I think that there’s comedy and then there’s just being a dick. There’s a huge difference. I think that people can tell the difference and can feel the difference. I’ve spoken to people who I’ve discussed on the podcast, who’ve been in projects that I would feel I was nervous about interacting with them. Then they laugh. People have a sense of humor, but I think that’s only because we’ve gotten a lot better, and I think the world has gotten a lot better, at least the public facing world, the online world has gotten much darker.
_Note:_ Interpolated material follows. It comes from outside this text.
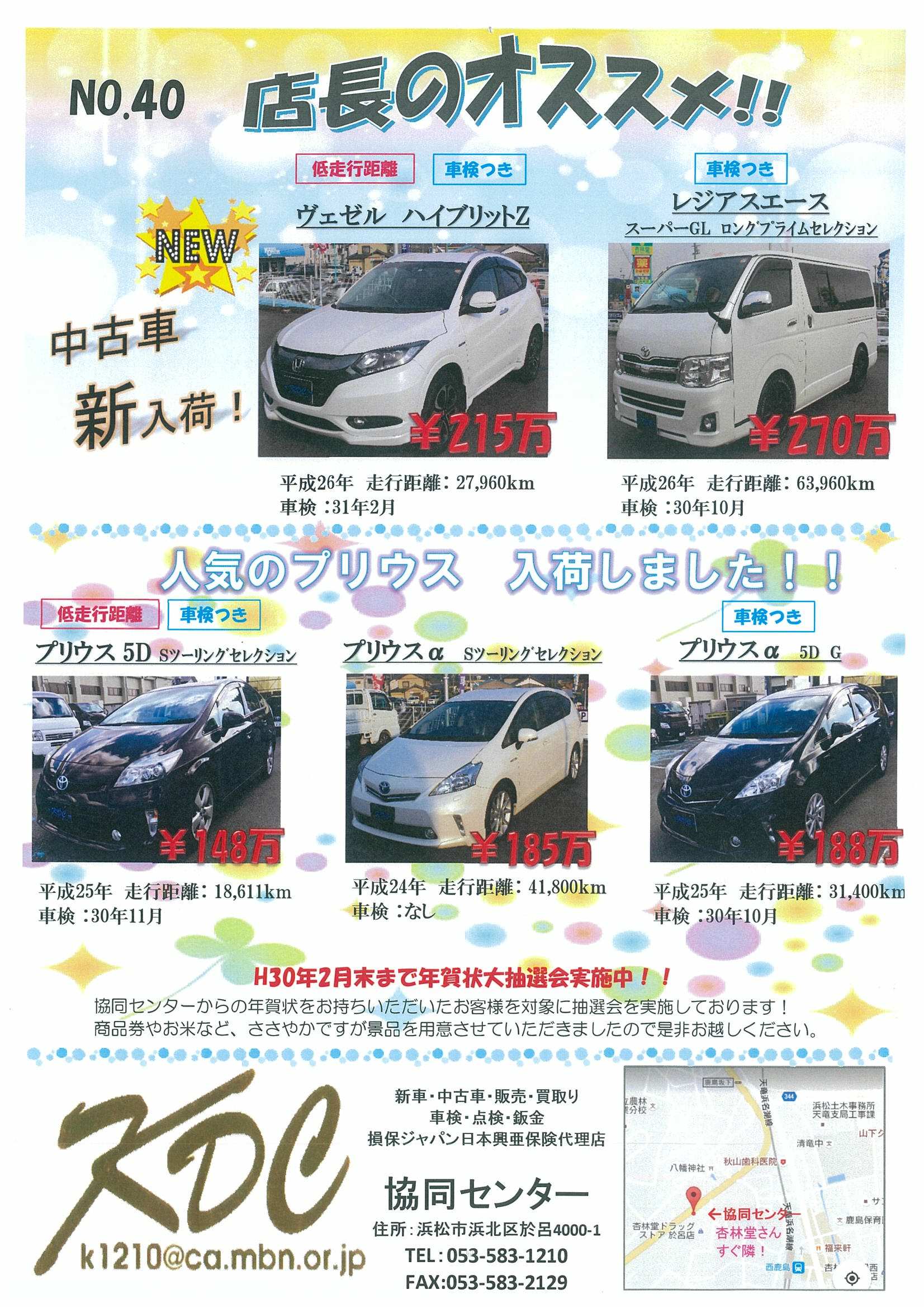 弊社の車販売部門「協同センター」では、販売用車両が続々入荷中です。中でもオススメ車両は低走行距離のハイブリット車両。チラシの他にも特選車両を多数ご用意してお待ちしております。

Maybe that’s why. It’s just like I see how much worse the trolling has gotten online and the social media bullying has got maybe because I’ve experienced the negative end of some of it. Not in a crazy way, but in a way that’s made me [decide] I’m going to be more mature and more thoughtful. And therefore, I hope more intelligent and funnier than I would’ve been about going on something I didn’t like. But I don’t think that the podcast has really changed that much. I think if you really listen back to when we started it in 2016, 2017, we treated our friends who were doing shows at UCB the same way we treat J-Lo now. They come in, we make them feel like the superstar that they are or have not yet become, but we feel they are, and we make them feel good. We use that as a stepping stool to start a great conversation and really just to make everyone feel like they hung out with someone for an hour and a half alongside us.
How are you and your friends in the industry feeling about what it’s like for talent out there right now?
It’s feeling much worse. It gets worse every year. I really think we need to say that too. Even as people who — I think people associate us with being busy, we’re still working hard to be this busy. This is universally across the board. I talk to all of my friends. We can all agree none of us have ever gotten less auditions. When you audition, we’re still doing the self-tape thing, which is not a good way to do it. It does not showcase how a performer can take a note. It does not showcase how quickly a performer can adjust to a note. It puts the performers in their own heads because they’re having to look at themselves all the time. [Self-editing] shouldn’t be part of acting.
I have a litany of problems with the state of the Hollywood thing right now. I’ve always been someone that really didn’t take myself very seriously, and I try to lead with that all the time. I really do think that’s the key to so much, just stop taking yourself so seriously. Honestly, I try to just laugh at it because the stuff that they’re trying is just not working, but they’ll just keep doing it.
Especially as all these companies merge, you kind of just have to laugh. And that’s why I’m like, what am I going to … I’m not going to say no to any opportunity. No, not if I feel like it’s fun to do, because what am I waiting for? You’re not waiting for anything. To answer your question, it is a terrible time in the industry.
How do you learn to take care of yourself then?
This is going to sound, on paper, sad, but I have less friends. I have fewer relationships in my life that I’m really pouring into, and the relationships that I’m really pouring into are really worthwhile and really fulfill me. I’ve never felt in my life more surrounded by people that love me and want me to win. It’s hugely important. I don’t overextend myself to try to force people into my life anymore. I feel this has been a big year for me. I’m 35. I think things have to come into moderation a little bit. I pushed myself to my limits this year in a couple of ways, and now I’ve landed in a place where I feel healthy. I prioritize sleep. Sleeping is huge. I also got a beta blocker prescription, which has been an unbelievably big deal for me. It’s just revolutionized my life because I just didn’t understand that anxiety was physical. I feel more confident than ever because I’m living in the moment more. I’m rested, I feel hydrated, I’m surrounded by good people and I’m beta blocked, babe.